(MATERIAL SUPPLIED)
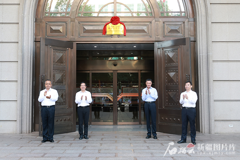 7月21日,自治区党委书记、兵团党委第一书记、第一政委陈小江,自治区党委副书记、自治区主席艾尔肯·吐尼亚孜,中国—中亚机制秘书长孙炜东等在自治区教育厅为中国—中亚教育交流合作中心挂牌。石榴云/新疆日报记者 崔志坚摄
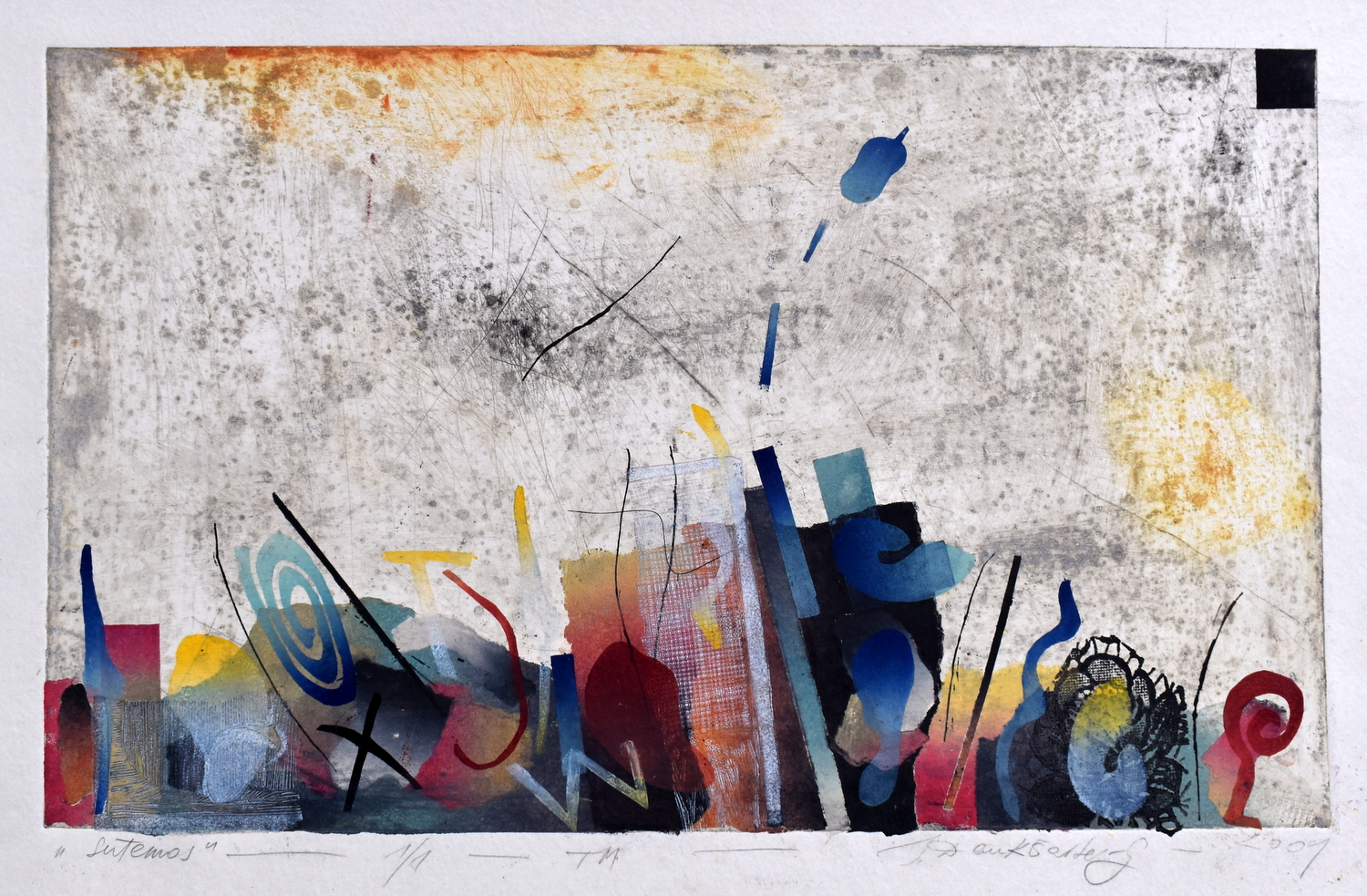 Sutemos, 2001, monotipija, 30x49 cm, 1/1
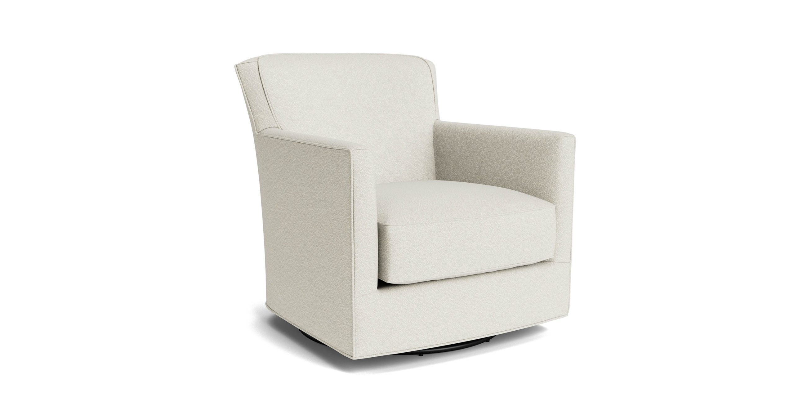 Enjoy both simple, sophisticated beauty and fine design in motion! Ease back in perfect relaxation with this New American Living Thin Track Arm Swivel Glider Chair by Bassett Furniture. Perfect for many lifestyles in a sitting room, bedroom, living room, den, or nursery. This comfy swivel glider features a padded back and a boxed, welted seat cushion. Also available in leather.
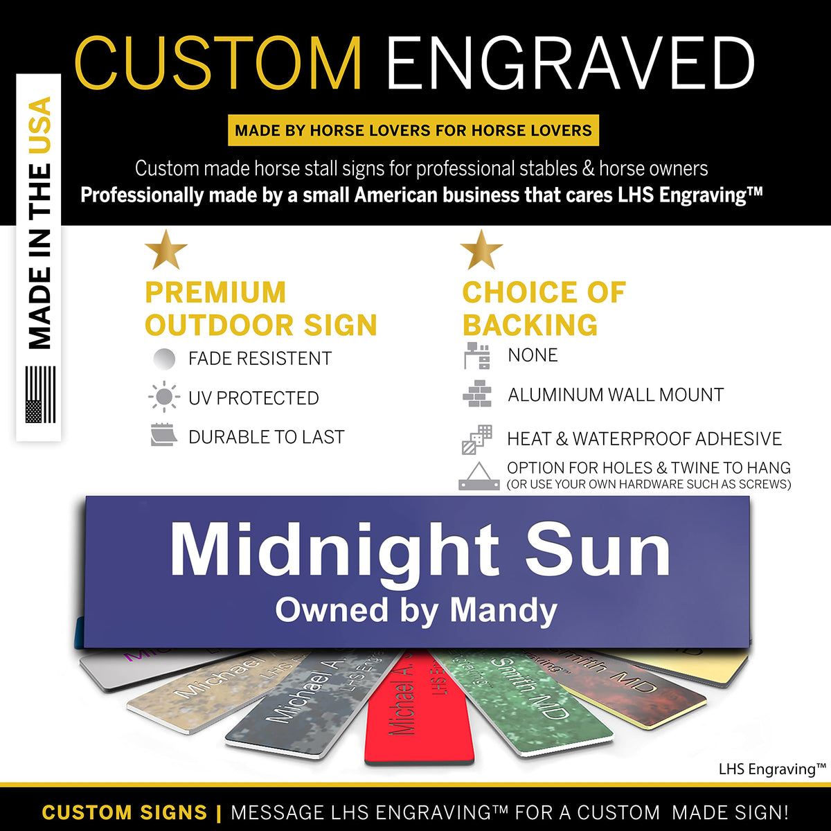 Lhs | Horse Stall Name Plate, 2X10 Personalized Stall Signs, Uv Protected, All Weather Adhesive, Hanging, Mounting Or Other, Pur
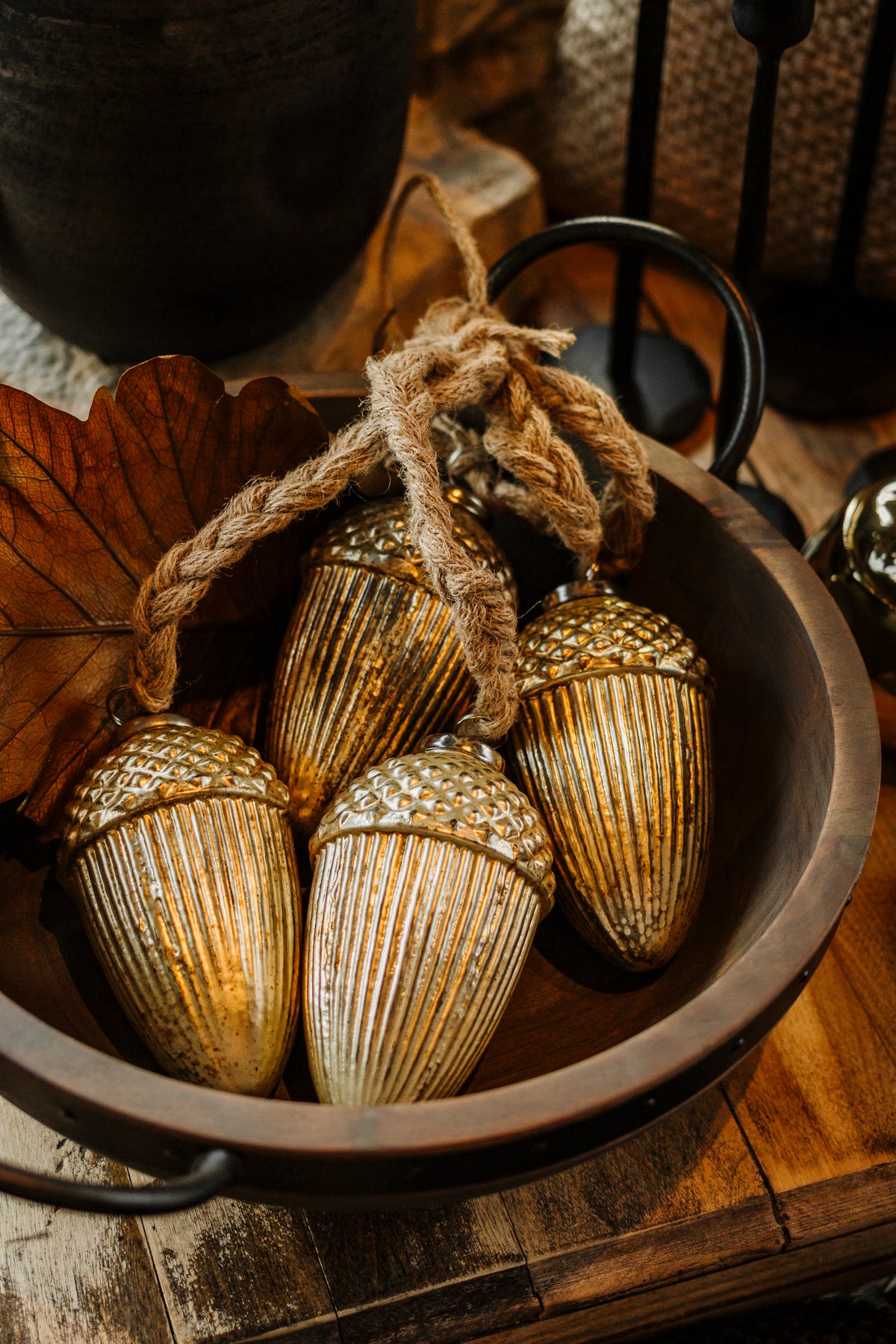 Handmade from antique-finished glass, the Acorn Cluster adds a touch of old-world charm to cold weather styling. Strung together with natural jute, each glass acorn catches the light with subtle shimmer. Hang it from a wreath, layer it on a mantle, or style it in a decorative bowl — a versatile accent that brings warmth and texture from fall through until Christmas.
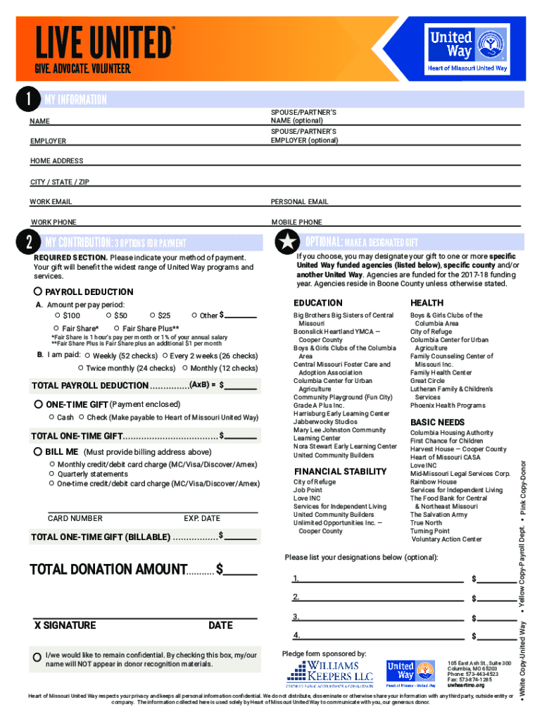 LIVE UNITEDGIVE. ADVOCATE. VOLUNTEER.1MY INFORMATIONSPOUSE/PARTNERS NAME (optional) SPOUSE/PARTNERS EMPLOYER (optional)NAME EMPLOYER HOME ADDRESS CITY / STATE / ZIP WORK EMAILPERSONAL METALWORK PHONEMICIZE
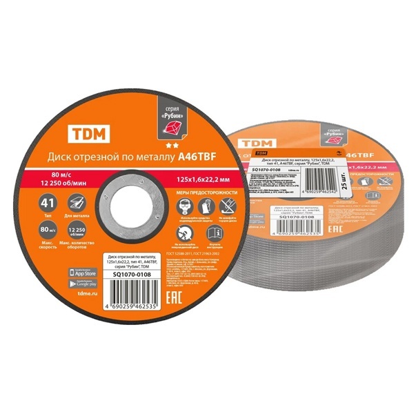 SQ1070-0108 Диск отрезной по металлу TDM Рубин 125х1,6х22,2, тип 41, A46TBF
(End MATERIAL SUPPLIED)
**WHAT YOU NEED TO DO:** Reproduce the whole listing above word for word, but not its pictures.

**EXERCISE SOLUTION:**
 7月21日,自治区党委书记、兵团党委第一书记、第一政委陈小江,自治区党委副书记、自治区主席艾尔肯·吐尼亚孜,中国—中亚机制秘书长孙炜东等在自治区教育厅为中国—中亚教育交流合作中心挂牌。石榴云/新疆日报记者 崔志坚摄
 Sutemos, 2001, monotipija, 30x49 cm, 1/1
 Enjoy both simple, sophisticated beauty and fine design in motion! Ease back in perfect relaxation with this New American Living Thin Track Arm Swivel Glider Chair by Bassett Furniture. Perfect for many lifestyles in a sitting room, bedroom, living room, den, or nursery. This comfy swivel glider features a padded back and a boxed, welted seat cushion. Also available in leather.
 Lhs | Horse Stall Name Plate, 2X10 Personalized Stall Signs, Uv Protected, All Weather Adhesive, Hanging, Mounting Or Other, Pur
 Handmade from antique-finished glass, the Acorn Cluster adds a touch of old-world charm to cold weather styling. Strung together with natural jute, each glass acorn catches the light with subtle shimmer. Hang it from a wreath, layer it on a mantle, or style it in a decorative bowl — a versatile accent that brings warmth and texture from fall through until Christmas.
 LIVE UNITEDGIVE. ADVOCATE. VOLUNTEER.1MY INFORMATIONSPOUSE/PARTNERS NAME (optional) SPOUSE/PARTNERS EMPLOYER (optional)NAME EMPLOYER HOME ADDRESS CITY / STATE / ZIP WORK EMAILPERSONAL METALWORK PHONEMICIZE
 SQ1070-0108 Диск отрезной по металлу TDM Рубин 125х1,6х22,2, тип 41, A46TBF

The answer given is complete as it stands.